Hey Gary
password="foobar"
#######
the variable password has to be here because you are referiencing before the assignment inside the while sentence. You can also set it to password="" and still will work because you have to tell (in this example) that password is a reserved word(variable)
Hi Alberto, Gary, and all,
Alberto, if I may, I think there are some problems in what you posted. (But, if you want to see some *really* troubled postings, just find some of my earliest attempts to answer on the tutor list!)
I think it is important to keep the distinction between variables and reserved words clear.
if = "Won't work as 'if' is a reserved word"
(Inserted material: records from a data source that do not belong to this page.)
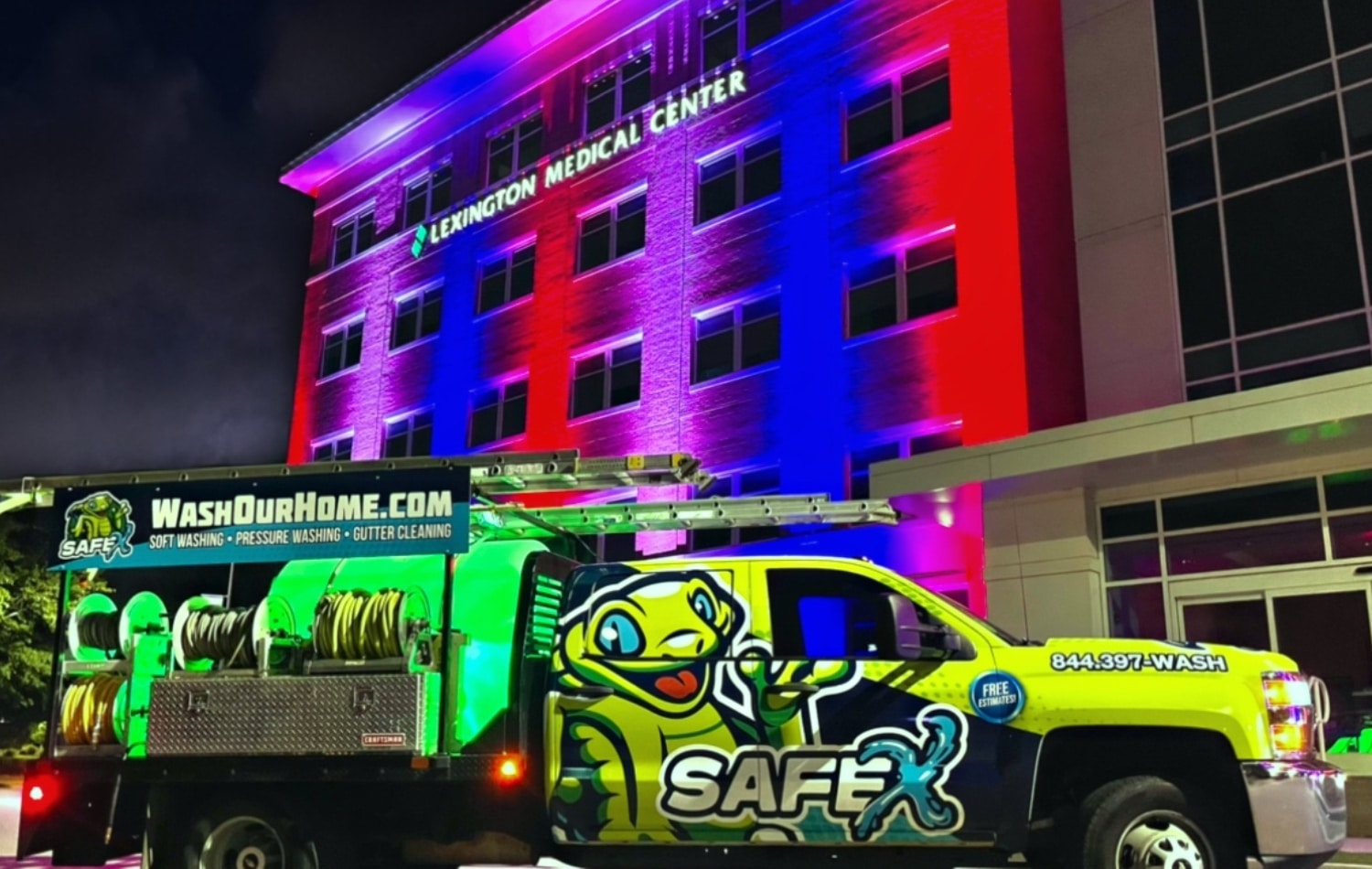 The majority of our customers own a pressure washer which is high pressure and low gpm. This method translates to taking a very, very long time for the homeowner to clean his property. In the wrong hands a pressure washer can cause extensive damage to a house. Not only that, pressure washers only remove the surface layers of mold, algae and bacteria, leaving behind spores etched into surfaces to bloom again in a short period of time. Homeowners can purchase low concentrated solutions from do it yourself stores like Home Depot or Lowes. Many times these solutions are not strong enough to get the job done right. We use commercial grade pressure washers that have multiple connection options to disperse pressure evenly for different applications on hard surfaces like concrete, non-powered brick, and wood. Typically we use soft washing equipment systems which are not available for purchase to the general public. Soft washing uses low pressure and high gpm sprayers that can reach up to 40-50 feet high. We use highly concentrated solutions and different types of commercial grade solutions for special applications such as rust removal, oil stain removal or graffiti removal. We have all the right solutions, equipment, and most importantly know how to get the job done quickly and right. After calculating money spent on machines and products plus your time, energy, and possible body damage… home owner grade machines are great for washing your car or keeping your exterior surfaces rinsed of dirt for a longer maintained clean after a pro performs an annual deep clean!
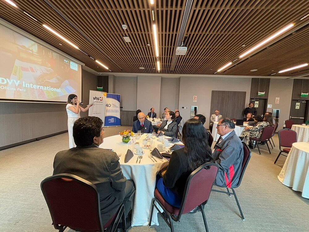 Al día siguiente, el 20 de noviembre, se realizó un desayuno de trabajo con las contrapartes y aliados estratégicos de DVV International, en el que se presentaron los objetivos y las acciones que guiarán el trabajo de la organización en Perú durante los próximos tres años. En este espacio, cada nueva contraparte presentó sus proyectos, los cuales serán implementados en el marco del trienal 2025-2027. Asimismo, este evento permitió fortalecer la articulación entre instituciones del Estado, el sector privado, la sociedad civil y la academia.
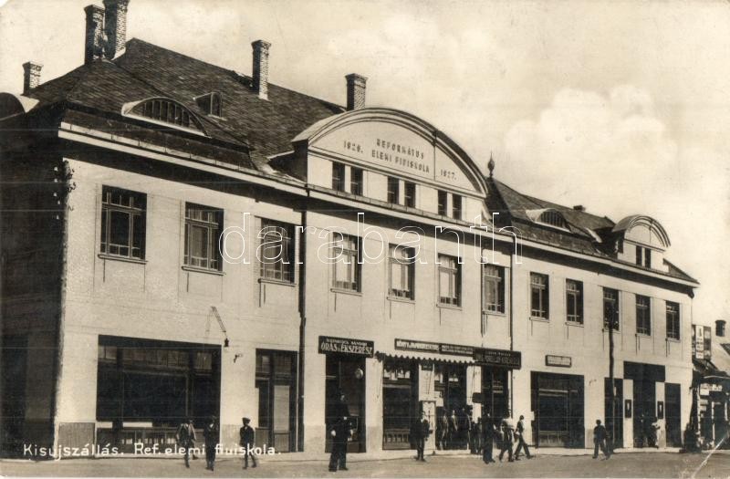 Kisújszállás, Református elemi fiúiskola, Weinstock Sándor órás és ékszerész, Strasser, Lapis Mihály, könyv és papírkereskedés és dohánybolt üzlete. Záhony Lajos kiadása (EM)

Traceback ( File "<interactive input>", line 1
if = "Won't work as 'if' is a reserved word"
^
SyntaxError: invalid syntax
"Reserved words" or "keywords" are the fixed words of the Python language itself. See Section 2.3.1 Keywords of the Language Reference.
########
count=3 current_count=0
#######
Here you have two options:
Option 1:
while password !="unicorn":
if current_count<count:
password=raw_input("Password:")
current_count=current_count+1
else: current_count=2 print "That must have been complicated"
print "Welcome in"
Add this line inside the "else" clause: current_count=2 ####This will make you have more chances and if you fail it will complain.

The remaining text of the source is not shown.